Нам не было ни времени, ни места задаваться в предшествовавших томах такими вопросами, но теперь, переходя к разработке клинописей, язык которых принадлежит к тому же типу, как и язык Корана, нам приходится невольно уделить некоторое внимание и этому предмету.

Вот передо мною книга Н. В. Юшманова «Грамматика литературного арабского языка», под редакцией и с предисловием И. Ю. Крачковского (1928 г.). Арабский язык, говорит он, – принадлежит к числу семитских, строение которых отличается от строения других языков преимущественно тем, что корень их слов состоит только из согласных, чаще всего из трех. Гласные же, без которых подобный корень не произносим, выражают лишь грамматические отношения данного слова. Так:

к т л имеет общее значение «убиения»,

к а т а л а значит «он убил»,

к у т и л а – «он был убит»,

к а т и л – «убивающий»,

к а т и л – «убитый»,

к а т л – «убийство» и т.д.

Мы видим, что здесь введено в правило то, что в европейских языках случается как исключение. Так, в английском man значит человек, а перемените здесь а на е, и выйдет men – люди; в немецком Bruder значит брат, а перемените u на ü, и выйдет Brüder, братья. А у нас флексия слова получается даже и простым ударением: так, из гóрода выходят городá и проч. В семитических же языках и совсем нет другого рода флексий, кроме таких внутренних.

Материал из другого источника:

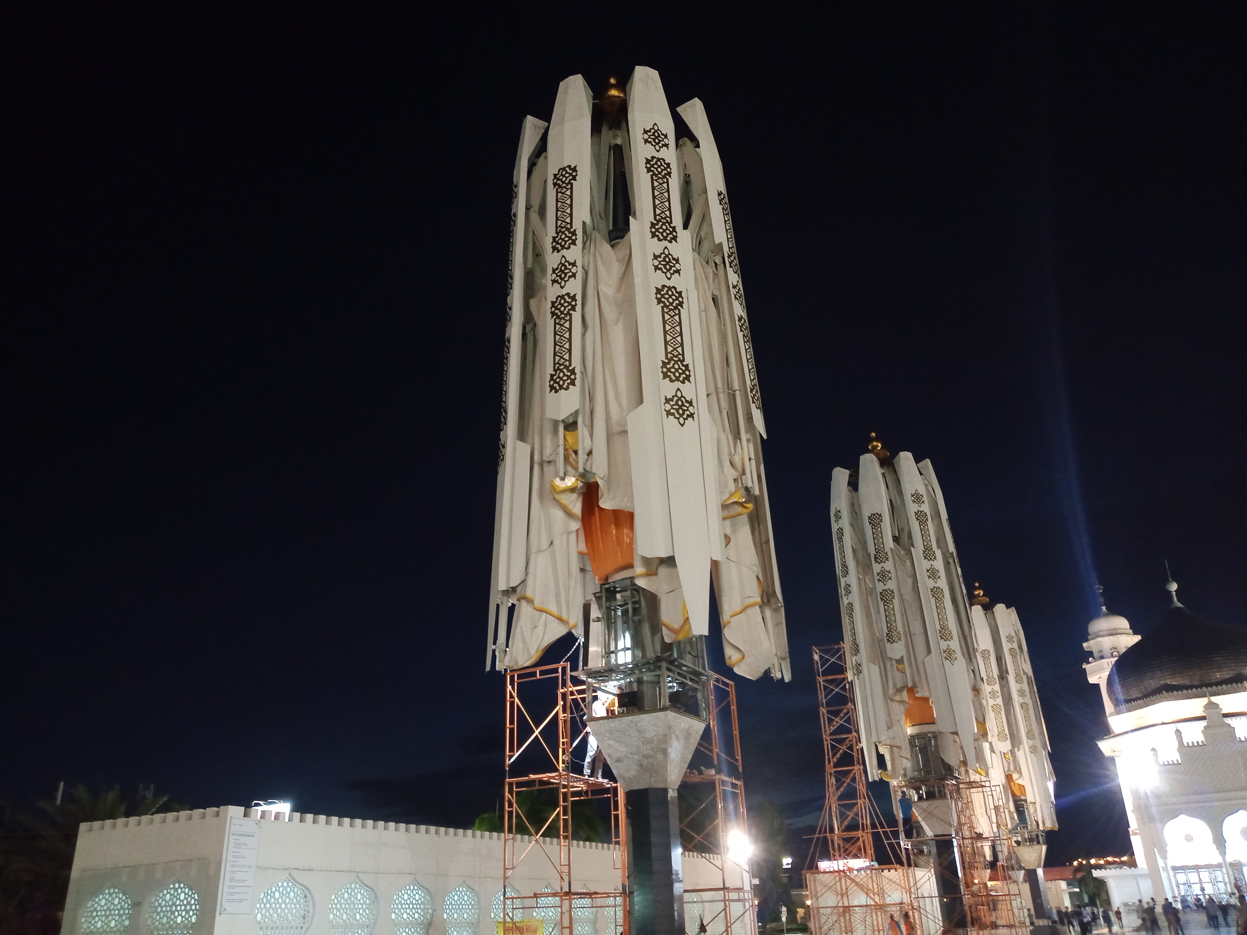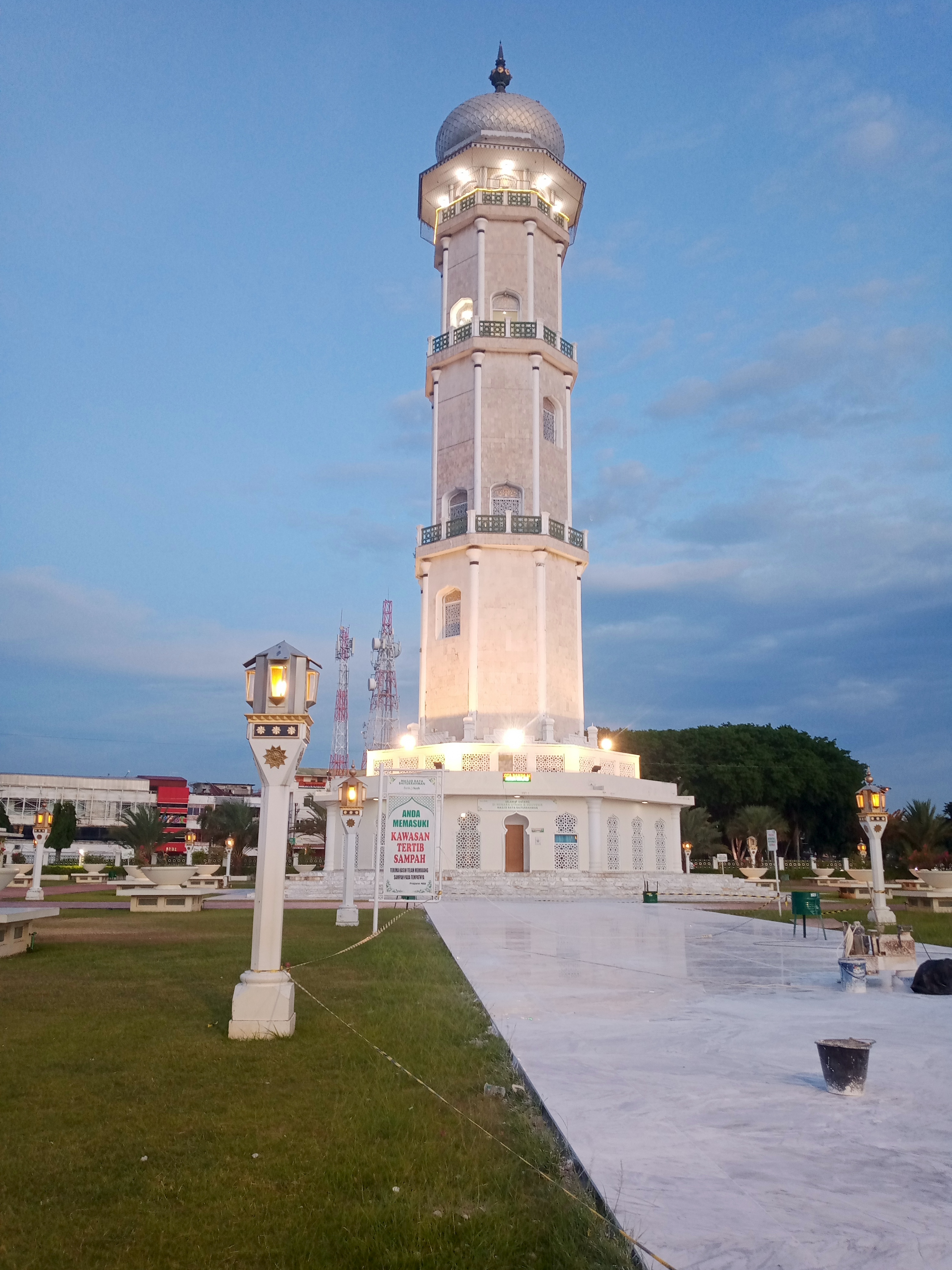 One mosque tower rises high on the eastern side of the mosque which can be seen from all sides of the city of Banda Aceh, the tall white tower is also decorated with lights to make the tower visible from afar, the dome of the tower is white and several lights are lit on top of the tower.
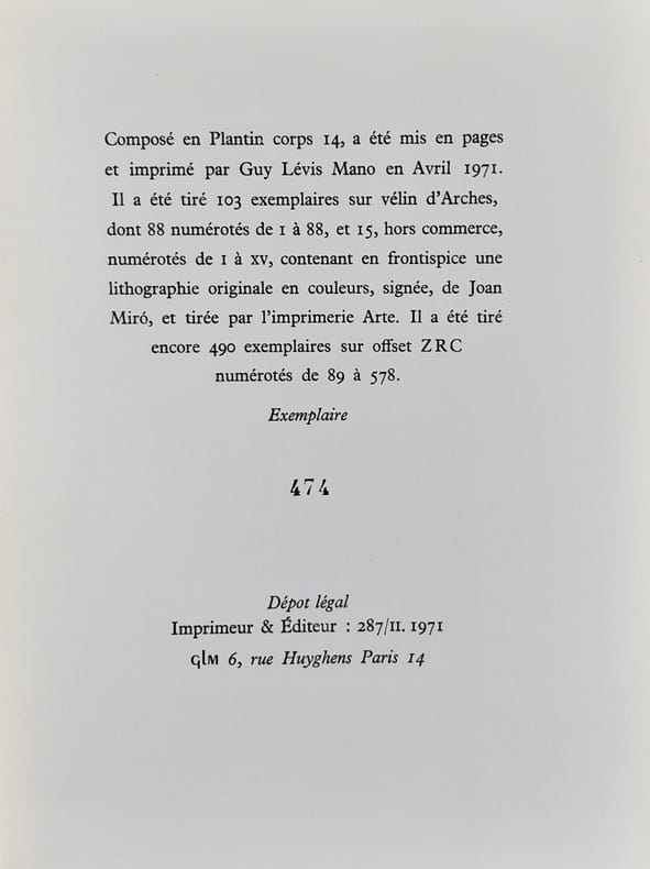 GLM, Paris 1971. Petit in-8 (195 x 140 mm) en feuilles, 46 pages sous couverture blanche à rabats imprimée en noir, étui de l'éditeur. Édition originale. Tirage : 103 exemplaires numérotés sur vélin d'Arches dont XV H.C. illustrés en frontispice d'UNE LITHOGRAPHIE ORIGINALE EN COULEUR DE JOAN MIRÓ signée au crayon. La lithographie a été tirée sur double feuillet (190 x 280 mm) par l'Imprimerie Arte à Paris. Exemplaire numéroté sur Arches. Parfait état dans son étui d'origine.

К ним принадлежат восемь языков:

А. Северные семитские

1. Клинописный (Ассиро-вавилонский)

2. Еврейско-финикийский

3. Арамейские

Западный (библейский)

Восточный (сирийский)

Б. Южные семитские

4. Арабские

Северный

Южный

 

5. Абиссинский

Эфиопский

Амхарский

 

Каждый из них делится еще на наречия и говоры, в словообразовании их всех наблюдается очень много сходства. Вот, например, на таблице 1 несколько примеров, откуда видно, что корни слов у них в большинстве те же и что северо-семитскому звуку Ш соответствует южно-семитское С.

Таблица 1.
Вариации тех же слов на разных семитских языках.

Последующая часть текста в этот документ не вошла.